All of the data should be reproduced word for word, though its pictures must be omitted.

- [Information shown]:

───

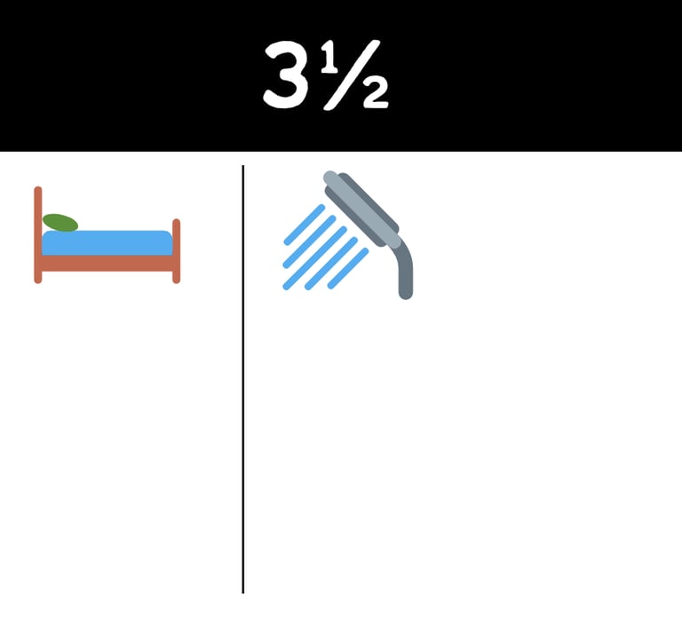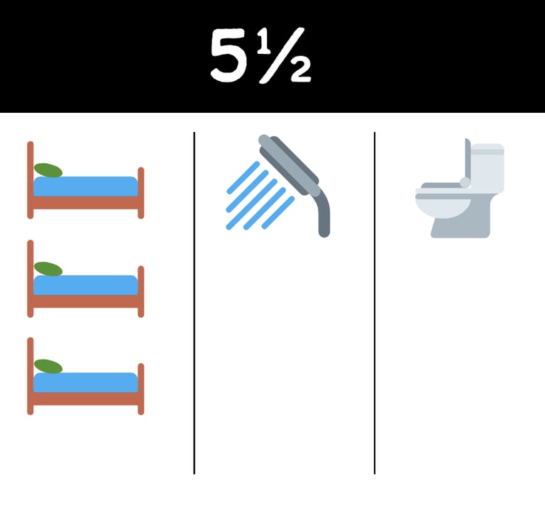 Notre plus grand logement, le 5½, offre 3 chambres fermées, un espace de vie lumineux, une cuisine complète et 1,5 salle de bain (une salle de bain complète et une salle d’eau). Parfait pour les familles ou ceux qui recherchent plus d’espace. Inclut 2 stationnements (soit un à l'intérieur et un à l'extérieur).
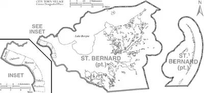 St. Bernard Parish (French: Paroisse de Saint-Bernard; Spanish: Parroquia de San Bernardo) is a parish located in the U.S. state of Louisiana. As of the 2010 census, the population was 35,897.[2] The parish seat and largest community is Chalmette.[3] The parish was formed in 1807.[4]
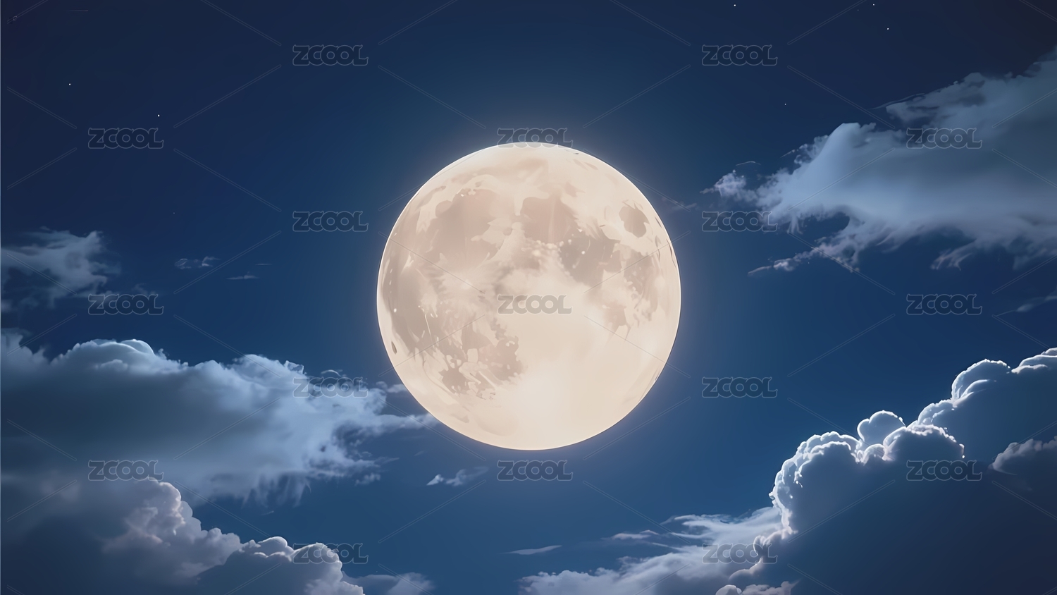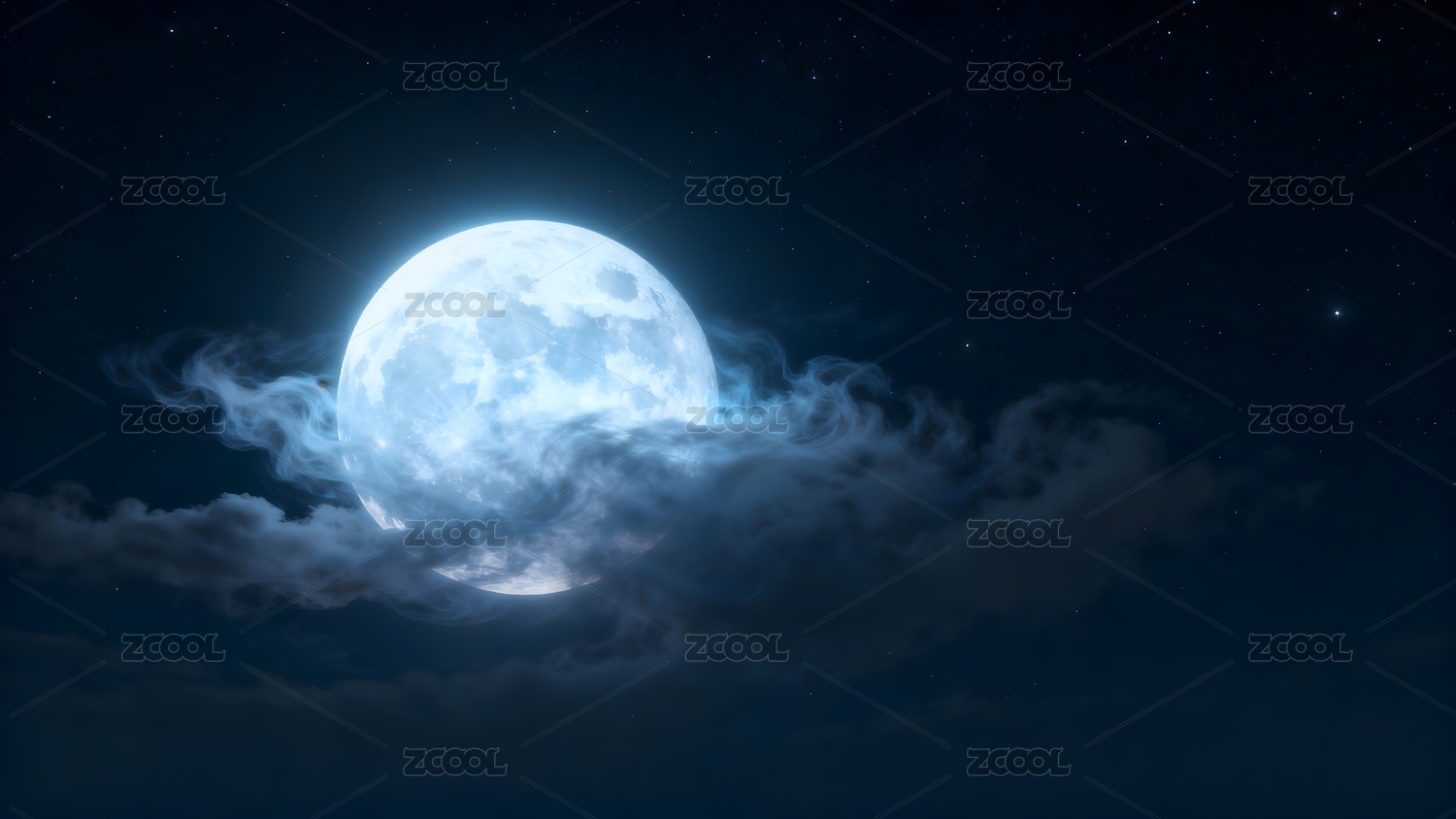 夜空中满月与云层交织的梦幻景象
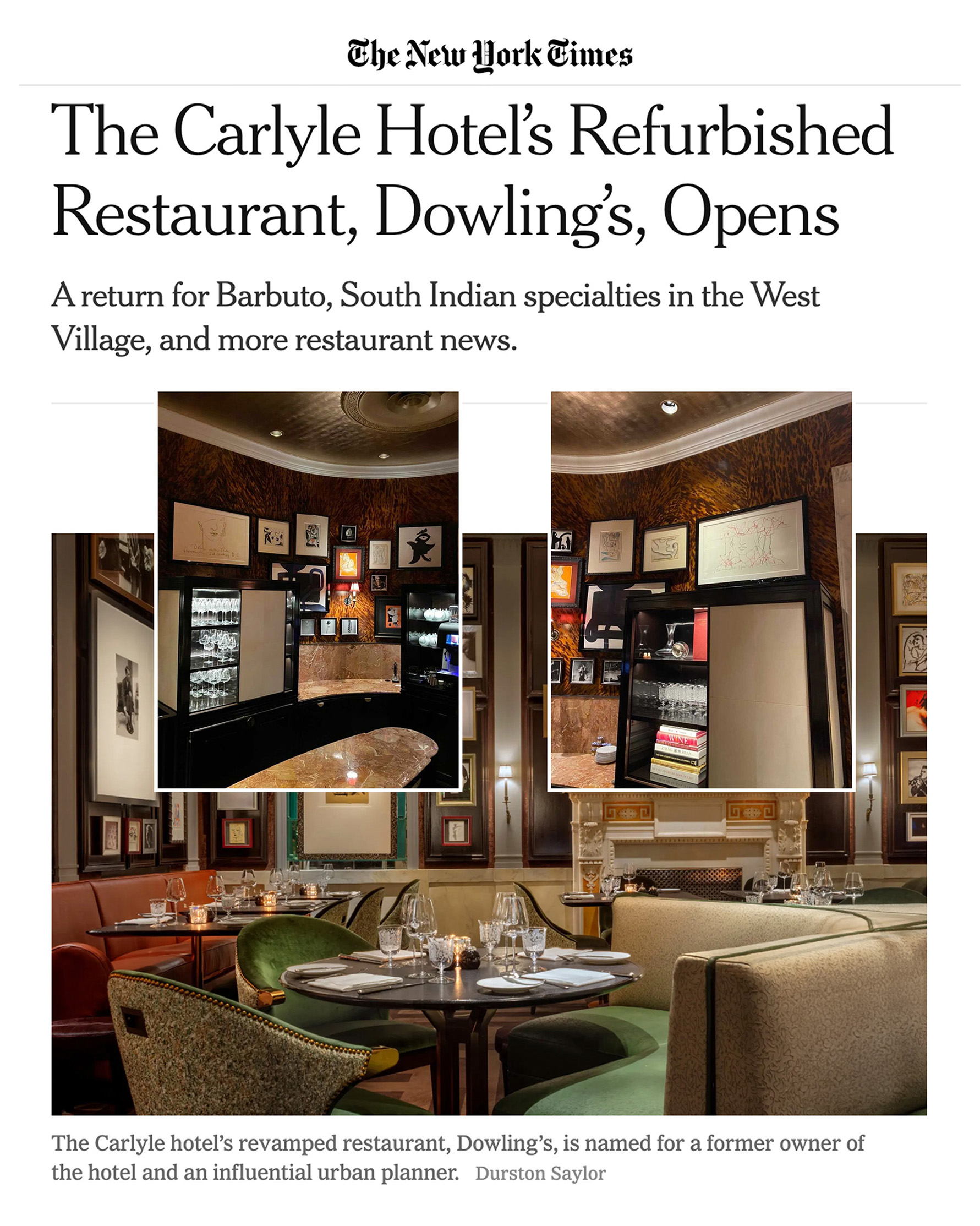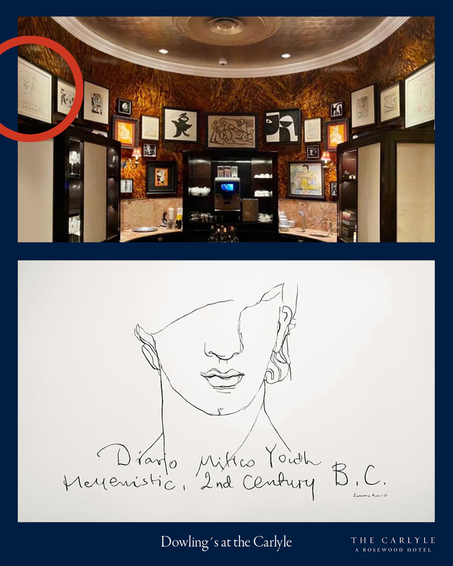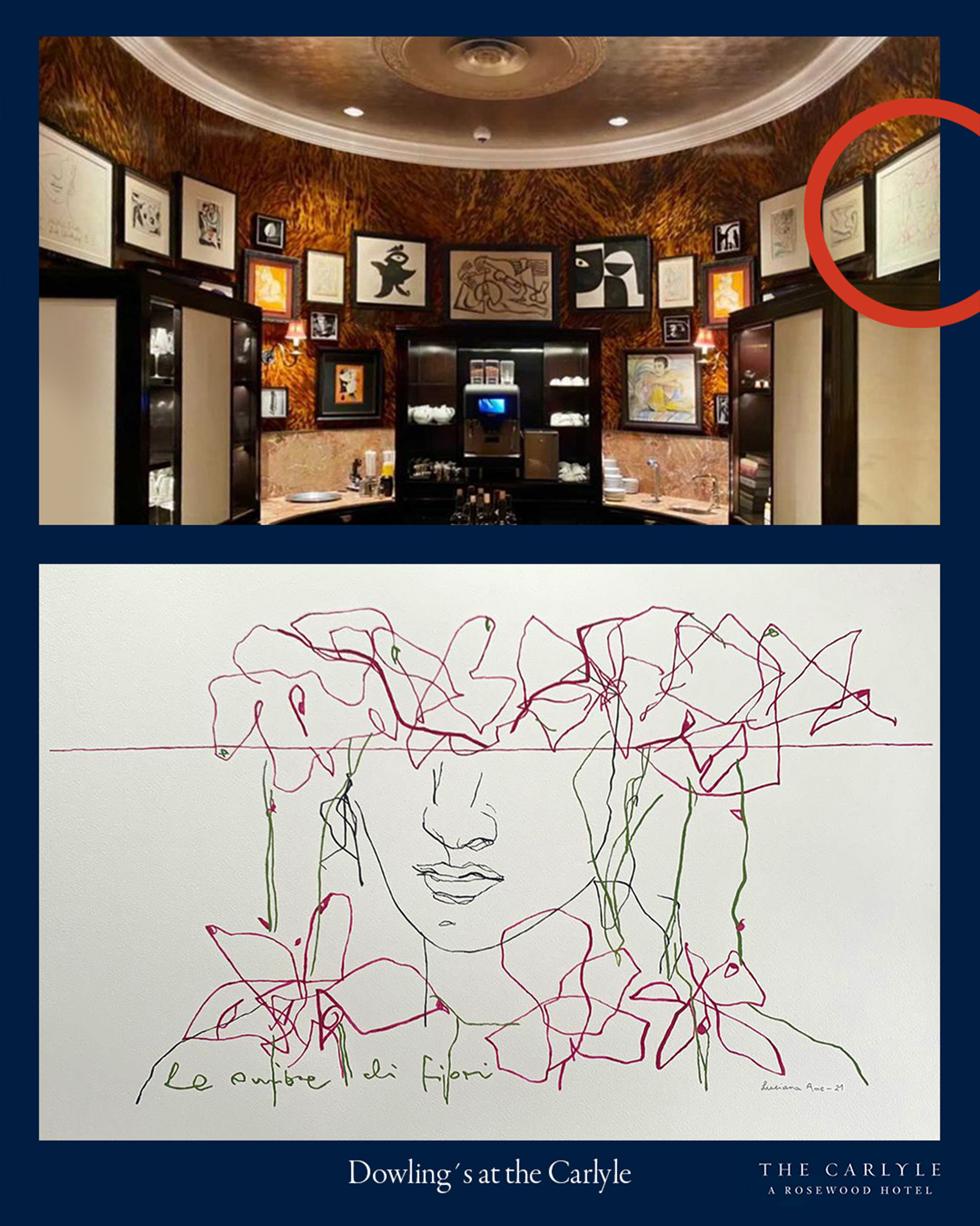 Luciana Ame was selected to be part of the permanent art collection at Dowling’s at The Carlyle hotel in New York, a restaurant opening in 2021, which is adorned with 189 artworks of which 2 are Luciana’s contribution to create an eclectic, eccentric atmosphere. The Dowlings drew inspiration from the hotel’s famous bar, Bemelmans. Fine art meets fine dining, with masterpieces on walls and plates alike.

───

- [Answer box]:
 Notre plus grand logement, le 5½, offre 3 chambres fermées, un espace de vie lumineux, une cuisine complète et 1,5 salle de bain (une salle de bain complète et une salle d’eau). Parfait pour les familles ou ceux qui recherchent plus d’espace. Inclut 2 stationnements (soit un à l'intérieur et un à l'extérieur).
 St. Bernard Parish (French: Paroisse de Saint-Bernard; Spanish: Parroquia de San Bernardo) is a parish located in the U.S. state of Louisiana. As of the 2010 census, the population was 35,897.[2] The parish seat and largest community is Chalmette.[3] The parish was formed in 1807.[4]
 夜空中满月与云层交织的梦幻景象
 Luciana Ame was selected to be part of the permanent art collection at Dowling’s at The Carlyle hotel in New York, a restaurant opening in 2021, which is adorned with 189 artworks of which 2 are Luciana’s contribution to create an eclectic, eccentric atmosphere. The Dowlings drew inspiration from the hotel’s famous bar, Bemelmans. Fine art meets fine dining, with masterpieces on walls and plates alike.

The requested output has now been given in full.